Share your dilemmas and get honest opinions from other Mumsnetters.

Limiting DD access to Ex In-laws

19 replies

Hiitsmeagain1 · 24/08/2025 10:49

Hi all
Husband and I have formally separated. Long history of unresolved issues.
We have a DD3 - before the separation husband and I decided we would reduce time at In-laws due to DD picking up weird behaviours and in-laws not adhering to any routines or structure including giving DD her own iPad to scroll through and free access to the sweets cupboard etc, even after numerous requests. It got to the stage that I had to tell DD to say no Thankyou when giving her smarties etc as it was playing havoc with her stools etc which led to MIL getting really bitchy back to DD3 indirectly at me.
Also they all smoke and this has really bugged me from day one and never been listened to as they never wash hands before coming to DD even as a baby. And the times I had asked they always were awrkward about it.
We decided we would reduce the 2 days to 1 this September - we seperated start of summer and I enrolled DD3 for swimming lessons after work on the day she will go to ex in-laws. As we are not in contact (their choice) I have asked exH to tell his parents to drop DD to nursery from 1230 onwards so I can collect and go about my day and avoid seeing his parents etc.
They have massively kicked up a fuss saying I'm being wrong and he keeps asking if I can just let her stay the full day at his parents and he will get her to me for 4pm. For context he works out of town and I know from experience if he's stuck in traffic or late it will be on me to go collect her from his parents. I can't guarantee they will feed her not feed her etc so I will be in the dark about her day. The in-laws don't do any activities with DD never have just screen time and sweets.
Ex keeps asking me to reconsider.
AIBU to stick to my guns about half day nursery?

OP posts:
Octavia64 · 24/08/2025 10:56

There’s a lot of issues tied up together in this.

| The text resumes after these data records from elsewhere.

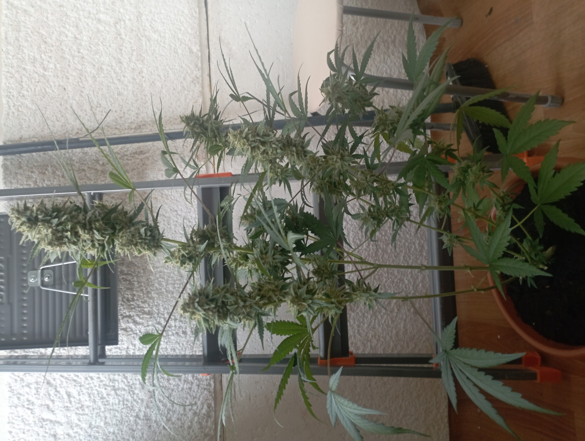 Рано срезал всего на начале 7 недели(справа причина по который решил резать) нормальный автик я их не особо чествую они как закуска, что могу сказать,сорт прям сативный листва тоненькая эффект бодрит правда и как все автики 2 часа и полностью свободен, не смотря на ранний сбор эффект довольно сильный растил просто свободно не тренировок не удобрений просто посадил пускай растут, фото особо не делал на первой ей всего 4 недели ну и колбу в конце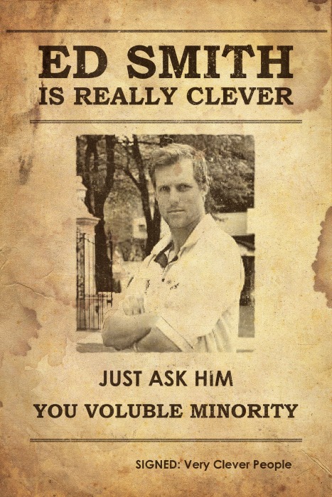 He’s yet to take up office. Of course, he’s the deputy to Clarke at the moment, so he is in office, which is why us refuseniks are greeting all this with scepticism and a great deal of care. You’re worried because if KP makes a comeback, your fox (and all those that made the decision) has been shot. So while you call this man the loose cannon of English cricket, you save your powder on Paul “outside cricket” Downton and Giles “right kind of family” Clarke. We know you can’t include James “Gary Ballance” Whitaker because he’s tight as a drum when it comes to talking. He’s about as much a loose cannon as a speak your weight machine.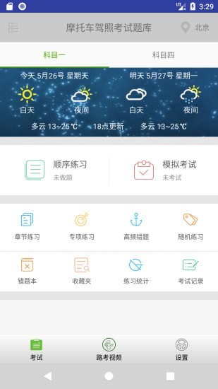 驾考摩托车试题软件中海量题库全面覆盖,最新交规政策及时推送,在线练习轻松快速提升,是一款很好用的驾考培训软件,新版摩托车驾照考试科目一驾考理论和科目四文明考试全新题库,以及科目二和科目三的路考视频,给你全面的指导。
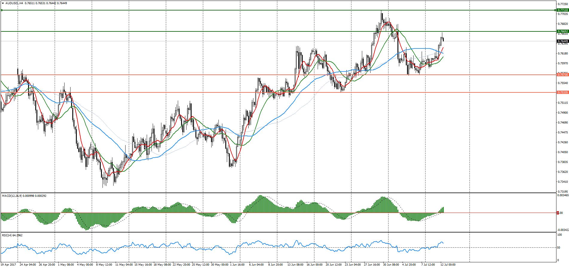 По состоянию на утро, 12 июля, AUD/USD торгуется в диапазоне 0,7645 - 0,7653. Ближайшей целью выступает уровень сопротивления 0,7665. В случае пробития уровня вверх, стоит открывать ордера на buy.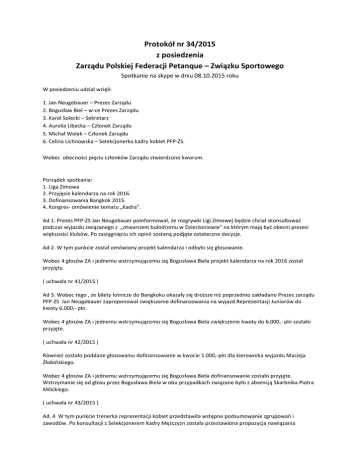 Protokół nr 34/2015 z posiedzenia Zarządu Polskiej Federacji Petanque – Związku Sportowego Spotkanie na skype w dniu 08.10.2015 roku W posiedzeniu udział wzięli: 1. Jan Neugebauer – Prezes Zarządu 2. Bogusław Biel – w-ce Prezes Zarządu 3. Karol Solecki – Sekretarz 4. Aurelia Libecka – Członek Zarządu 5. Michał Wolak – Członek Zarządu 6. Celina Lichnowska – Selekcjonerka kadry kobiet PFP-ZS. Wobec obecności pięciu członków Zarządu stwierdzono kworum. Porządek spotkania: 1. Liga Zimowa 2. Przyjęcie kalendarza na rok 2016. 3. Dofinansowania Bangkok 2015. 4. Kongres- omówienie tematu „Kadra”. Ad 1. Prezes PFP-ZS Jan Neugebauer poinformował, że rozgrywki Ligi Zimowej będzie chciał skonsultować podczas wyjazdu związanego z „otwarciem bulodromu w Dzierżoniowie” na którym mają być obecni prezesi większości klubów. Po zasięgnięciu ich opinii zostaną podjęte ostateczne decyzje. Ad 2. W tym punkcie został omówiony projekt kalendarza i odbyło się głosowanie. Wobec 4 głosów ZA i jednemu wstrzymującemu się Bogusława Biela projekt kalendarza na rok 2016 został przyjęty. ( uchwała nr 41/2015 ) Ad 3. Wobec tego , że bilety lotnicze do Bangkoku okazały się droższe niż poprzednio zakładano Prezes zarządu PFP-ZS Jan Neugebauer zaproponował zwiększenie dofinansowania na wyjazd Reprezentacji Juniorów do kwoty 6.000,- pln. Wobec 4 głosów ZA i jednemu wstrzymującemu się Bogusława Biela zwiększenie kwoty do 6.000,- pln zostało przyjęte. ( uchwała nr 42/2015 ) Również zostało poddane głosowaniu dofinansowanie w kwocie 1.000,-pln dla kierownika wyjazdu Macieja Żłobińskiego. Wobec 4 głosów ZA i jednemu wstrzymującemu się Bogusława Biela dofinansowanie zostało przyjęte. Wstrzymanie się od głosu przez Bogusława Biela w obu przypadkach związane było z absencją Skarbnika Piotra Milickiego. ( uchwała nr 43/2015 ) Ad. 4 W tym punkcie trenerka reprezentacji kobiet przedstawiła wstępne podsumowanie zgrupowań i zawodów. Po konsultacji z Selekcjonerem Kadry Mężczyzn została przestawiona propozycja nawiązania współpracy z psychologiem sportowym. Opierając się na obserwacjach startów naszych zawodników jak również innych dyscyplin sportowych taka współpraca mogłaby przyczynić się do osiągania lepszych wyników na arenie międzynarodowej. Wkrótce zostaną przedstawione dokładne założenia takiej współpracy tzn. ilość spotkań, koszta itd… Na tym posiedzenie zakończono. Sekretarz Karol Solecki Prezes PFP Jan Neugebauer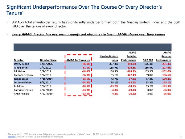Underperformance Of Total Shareholder Return Over Any Time Period Against Any Relevant Benchmark 11 • AMAG has materially underperformed all of its relevant benchmarks over the last 1 , 2 , 3 , 5 and 10 - year periods • Specifically, AMAG has underperformed the NASDAQ Biotech Index by : • - 393 % over the last 10 years • - 84 % over the last 5 years 1 Through July 31, 2019, the day before Caligan began substantial purchases of AMAG shares. All TSR data from S&P Capital IQ 2 Proxy peers include ACOR, ASRT, EGRX, EBS, HZNP, IRWD, NKTR, PCRX, SPPI, SUPN, MDCO, TXMD, and VNDA 10-Yr 1 5-Year 1 3-Year 1 2-Year 1 1-Year 1 AMAG Pharmaceuticals -81.8% -56.7% -68.9% -57.9% -62.5% Nasdaq Biotech Index 310.9% 27.4% 10.2% -1.1% -9.2% Relative Performance -392.7% -84.1% -79.1% -56.7% -53.3% Proxy Peer Average 2 112.3% 61.1% 0.4% -8.0% -32.7% Relative Performance -194.1% -117.9% -69.3% -49.9% -29.9% Proxy Peer Median 2 14.7% -3.8% 10.3% -6.7% -37.0% Relative Performance -96.5% -52.9% -79.2% -51.2% -25.6% Russell 2000 224.5% 50.7% 34.4% 13.0% -4.5% Relative Performance -306.3% -107.4% -103.2% -70.9% -58.1%
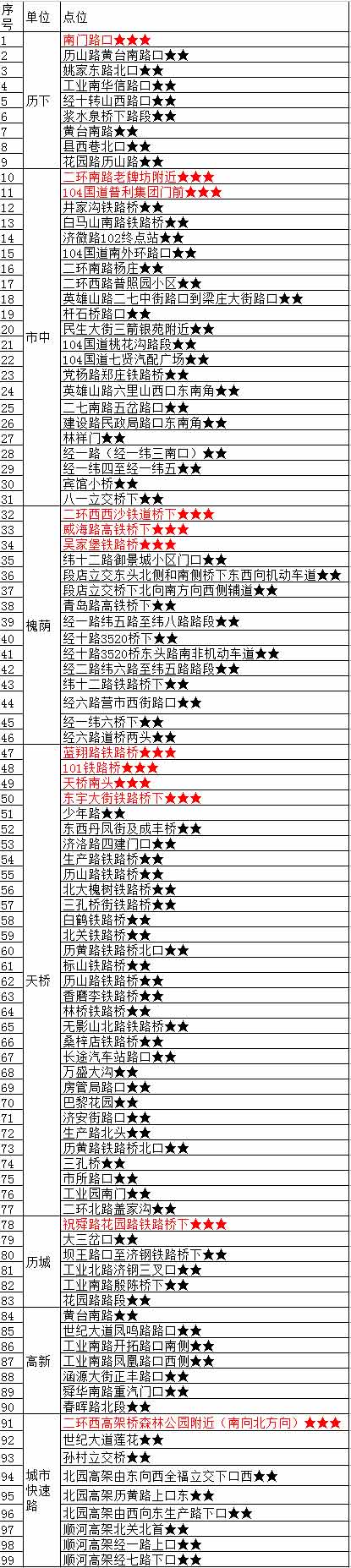 大众网济南5月15日讯 根据济南市气象台发布强降雨预报,预计今天下午到夜间全市有较明显降雨过程,平均降雨量25-35毫米,局部地区降雨量超过70毫米。济南交警根据排查,统计出了最新版的市区桥梁、涵洞等易积水路口、路段共99处,请市民密切关注降雨及路况信息。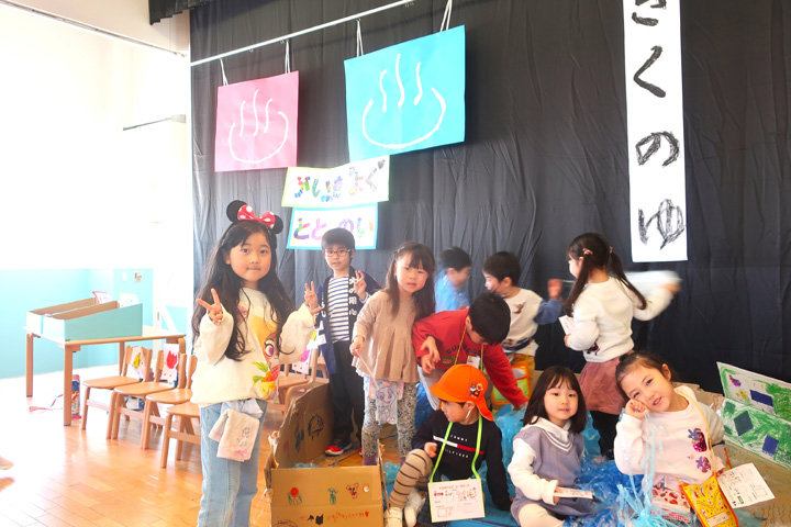 年長さんが楽しいお店をひらいてくれました! ひまわり組の射的では、小さい組さんに目線を合わせながら優しく声を掛ける素敵な姿が✨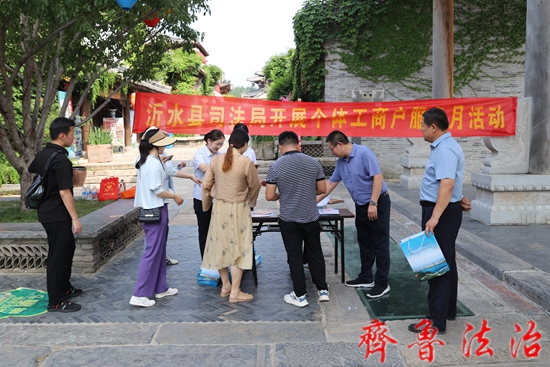 法治是最好的营商环境。根据“个体工商户服务月”活动要求,沂水县司法局充分发挥法律服务职能,组织公证、普法、公共法律服务等科室人员为彩虹小镇个体工商户开展法律咨询和法治体检活动。 宣传人员走进一个个摊位和商铺,积极主动“送法规”,精准及时“送政策”,广泛听取经营者意见建议,致力于推动个体经济持续向好发展。本次活动共发放《以案释法读本》《民法典100问》《公共法律服务指南》等法律法规书籍和各类宣传资料200余份,为持续优化营商环境注入法治力量。

if you are separated the usual deal is that you don’t get any control over what the child does while they are with him (assuming it is legal).

so if it’s one of “his” days then he‘s quite entitled to ask his parents to look after her.

that being said I wouldn’t be overly happy about it either but I’m not sure there is much you can actually do.

Hiitsmeagain1 · 24/08/2025 11:04

Octavia64 · 24/08/2025 10:56

There’s a lot of issues tied up together in this.

if you are separated the usual deal is that you don’t get any control over what the child does while they are with him (assuming it is legal).

so if it’s one of “his” days then he‘s quite entitled to ask his parents to look after her.

that being said I wouldn’t be overly happy about it either but I’m not sure there is much you can actually do.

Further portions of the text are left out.